Lui aveva a casa una boccia con due pesci rossi, e amava fissarli, studiarli, osservarli per ore.
Secondo lui questi pesci che non sono capaci di pensare, che non hanno storia, a volte hanno gli
incubi. Li vedeva agitarsi, scuotersi. Ed in effetti, chi sogna, prima o poi avrà anche gli incubi, e se i
pesci rossi hanno un incubo su tutti, pensava lui, questo non può essere che l’abbandono. Ogni
parte della realtà, infatti, li adotta e li abbandona ogni tre secondi, li prende in grembo e li rigetta
orfani nell’oblio. Ogni cosa abbandona i pesci rossi.
E lo pensò di nuovo quando Lei lo venne ad aspettare fuori dall’aula, a sua volta, all’orale. Erano
usciti per fare due passi, si erano detti poche parole, nessuno aveva intenzione di aprire o
cauterizzare la ferita ben presente ad entrambi. Lei perché non trovava errori nel passato, lui
perché come un pesce rosso fingeva di aver dimenticato tutto e di vivere quel momento come da
dentro una boccia d’acqua. Poi lei lo accompagnò in auto fino a casa, mettendo su un cd degli
Smiths che era stato un suo regalo di qualche mese prima. Quando lui scese, chiudendosi dietro
la portiera dell’auto e dentro essa chiudendoci un mondo, si mise a camminare a testa alta.
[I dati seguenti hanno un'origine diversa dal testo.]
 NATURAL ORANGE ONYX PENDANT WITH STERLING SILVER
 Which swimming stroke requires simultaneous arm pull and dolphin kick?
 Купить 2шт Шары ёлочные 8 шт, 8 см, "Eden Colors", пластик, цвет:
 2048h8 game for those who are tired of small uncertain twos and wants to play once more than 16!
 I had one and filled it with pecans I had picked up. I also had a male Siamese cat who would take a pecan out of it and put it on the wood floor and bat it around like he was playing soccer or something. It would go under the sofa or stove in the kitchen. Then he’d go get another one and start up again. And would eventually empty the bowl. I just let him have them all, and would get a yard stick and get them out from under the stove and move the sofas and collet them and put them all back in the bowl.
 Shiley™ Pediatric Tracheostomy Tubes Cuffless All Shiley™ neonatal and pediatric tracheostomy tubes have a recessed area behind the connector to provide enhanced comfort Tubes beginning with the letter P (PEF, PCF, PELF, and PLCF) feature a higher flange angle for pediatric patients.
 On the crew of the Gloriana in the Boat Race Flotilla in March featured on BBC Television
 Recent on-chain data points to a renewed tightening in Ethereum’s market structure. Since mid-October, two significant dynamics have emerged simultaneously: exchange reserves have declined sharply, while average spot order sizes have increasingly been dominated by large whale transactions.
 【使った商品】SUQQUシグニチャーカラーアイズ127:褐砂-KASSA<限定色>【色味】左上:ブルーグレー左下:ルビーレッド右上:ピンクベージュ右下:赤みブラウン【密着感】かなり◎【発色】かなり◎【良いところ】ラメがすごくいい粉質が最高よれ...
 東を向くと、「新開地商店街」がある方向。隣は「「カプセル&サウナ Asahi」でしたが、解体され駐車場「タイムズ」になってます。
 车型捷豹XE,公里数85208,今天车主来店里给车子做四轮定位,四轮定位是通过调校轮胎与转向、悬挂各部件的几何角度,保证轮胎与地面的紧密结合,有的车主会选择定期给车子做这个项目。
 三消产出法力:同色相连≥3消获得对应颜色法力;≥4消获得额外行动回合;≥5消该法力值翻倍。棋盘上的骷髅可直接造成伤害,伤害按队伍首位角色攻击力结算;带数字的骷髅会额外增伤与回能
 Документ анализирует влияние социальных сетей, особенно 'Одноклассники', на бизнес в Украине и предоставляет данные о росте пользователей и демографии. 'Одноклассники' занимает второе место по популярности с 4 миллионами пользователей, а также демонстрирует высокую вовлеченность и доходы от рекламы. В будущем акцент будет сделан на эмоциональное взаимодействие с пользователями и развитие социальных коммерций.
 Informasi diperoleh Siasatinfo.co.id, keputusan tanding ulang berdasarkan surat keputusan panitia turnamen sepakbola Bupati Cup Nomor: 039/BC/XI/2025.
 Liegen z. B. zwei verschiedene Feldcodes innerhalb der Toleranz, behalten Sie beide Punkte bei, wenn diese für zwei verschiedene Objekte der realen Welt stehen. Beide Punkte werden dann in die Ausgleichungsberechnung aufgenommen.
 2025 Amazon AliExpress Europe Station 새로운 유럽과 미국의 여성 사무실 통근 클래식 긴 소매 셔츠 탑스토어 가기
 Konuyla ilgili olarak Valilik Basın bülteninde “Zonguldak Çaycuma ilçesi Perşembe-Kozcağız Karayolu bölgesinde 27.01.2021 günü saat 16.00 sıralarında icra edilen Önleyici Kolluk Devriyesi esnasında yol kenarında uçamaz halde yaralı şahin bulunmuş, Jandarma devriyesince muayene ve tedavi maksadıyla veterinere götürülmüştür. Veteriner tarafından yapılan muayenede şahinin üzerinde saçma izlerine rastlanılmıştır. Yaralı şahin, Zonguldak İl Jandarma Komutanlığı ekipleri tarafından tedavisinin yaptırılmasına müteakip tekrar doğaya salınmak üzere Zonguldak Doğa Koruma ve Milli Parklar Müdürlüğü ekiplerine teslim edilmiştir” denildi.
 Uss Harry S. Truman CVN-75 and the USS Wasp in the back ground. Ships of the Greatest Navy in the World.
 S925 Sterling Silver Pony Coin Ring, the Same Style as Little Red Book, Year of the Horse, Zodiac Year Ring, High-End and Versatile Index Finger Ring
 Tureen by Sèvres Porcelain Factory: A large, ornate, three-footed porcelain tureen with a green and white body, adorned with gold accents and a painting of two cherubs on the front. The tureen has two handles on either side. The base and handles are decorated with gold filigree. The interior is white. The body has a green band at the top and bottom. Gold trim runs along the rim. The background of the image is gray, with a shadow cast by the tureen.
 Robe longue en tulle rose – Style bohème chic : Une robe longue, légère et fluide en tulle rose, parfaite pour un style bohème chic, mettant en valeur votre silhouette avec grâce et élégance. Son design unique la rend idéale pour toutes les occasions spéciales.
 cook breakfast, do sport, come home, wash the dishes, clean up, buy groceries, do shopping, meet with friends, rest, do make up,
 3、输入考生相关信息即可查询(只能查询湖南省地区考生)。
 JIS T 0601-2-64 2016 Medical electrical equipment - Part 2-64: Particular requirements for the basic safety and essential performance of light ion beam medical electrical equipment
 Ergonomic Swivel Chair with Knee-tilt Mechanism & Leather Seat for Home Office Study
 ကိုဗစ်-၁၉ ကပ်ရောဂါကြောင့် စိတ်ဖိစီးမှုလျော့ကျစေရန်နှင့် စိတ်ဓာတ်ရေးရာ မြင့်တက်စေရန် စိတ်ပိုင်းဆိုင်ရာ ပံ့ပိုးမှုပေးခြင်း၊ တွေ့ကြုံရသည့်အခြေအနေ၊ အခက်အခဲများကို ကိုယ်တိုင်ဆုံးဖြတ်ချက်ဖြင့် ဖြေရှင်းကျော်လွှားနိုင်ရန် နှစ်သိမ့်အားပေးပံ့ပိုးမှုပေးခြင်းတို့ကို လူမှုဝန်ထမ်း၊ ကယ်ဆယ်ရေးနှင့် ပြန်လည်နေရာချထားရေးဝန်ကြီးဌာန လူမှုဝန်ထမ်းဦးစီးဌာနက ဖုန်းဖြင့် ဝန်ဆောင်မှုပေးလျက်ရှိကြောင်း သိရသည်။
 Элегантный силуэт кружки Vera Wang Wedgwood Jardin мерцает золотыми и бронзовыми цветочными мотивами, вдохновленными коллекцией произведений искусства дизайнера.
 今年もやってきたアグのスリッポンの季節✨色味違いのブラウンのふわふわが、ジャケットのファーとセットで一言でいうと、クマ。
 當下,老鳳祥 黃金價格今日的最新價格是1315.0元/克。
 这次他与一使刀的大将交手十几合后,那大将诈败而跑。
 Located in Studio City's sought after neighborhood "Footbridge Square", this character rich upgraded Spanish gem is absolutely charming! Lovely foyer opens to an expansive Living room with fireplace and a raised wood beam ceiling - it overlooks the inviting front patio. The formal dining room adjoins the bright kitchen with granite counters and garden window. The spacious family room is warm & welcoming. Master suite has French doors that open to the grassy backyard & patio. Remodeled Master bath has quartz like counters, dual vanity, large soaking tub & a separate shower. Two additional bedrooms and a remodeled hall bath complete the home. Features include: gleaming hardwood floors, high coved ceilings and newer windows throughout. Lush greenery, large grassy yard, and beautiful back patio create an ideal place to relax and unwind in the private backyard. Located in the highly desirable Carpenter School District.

Strinse le mascelle, non voleva piangere. Non voleva neanche che piangesse lei, lei che se
avesse potuto, avrebbe parlato solo ai suoi occhi, avrebbe detto loro con dolcezza, più che con
cinismo:”Vi rendete conto che me ne vado? Come farete senza di me?”. Voleva che per questa
volta, per questa soltanto, fosse il mondo a piangere per lui. Che piangessero tutti, che il dolore
uscendo da lui invadesse gli altri. Camminava piano, e sperava che lei scendesse dalla
macchina e lo rincorresse, allora lui sentendo il rumore dei suoi passi si sarebbe voltato pronto a
fare quello per cui aveva vissuto da quando l’aveva conosciuta: accoglierla. E invece no, certe
scene succedono solo nei film, non nella vita, che invece ti implora sempre di salvarti da solo.
Nella vita chi sprofonda sul sedile dell’auto con i pensieri fra le dita rimane lì, fermo immobile. E
nessuno capisce gli incubi dei pesci rossi.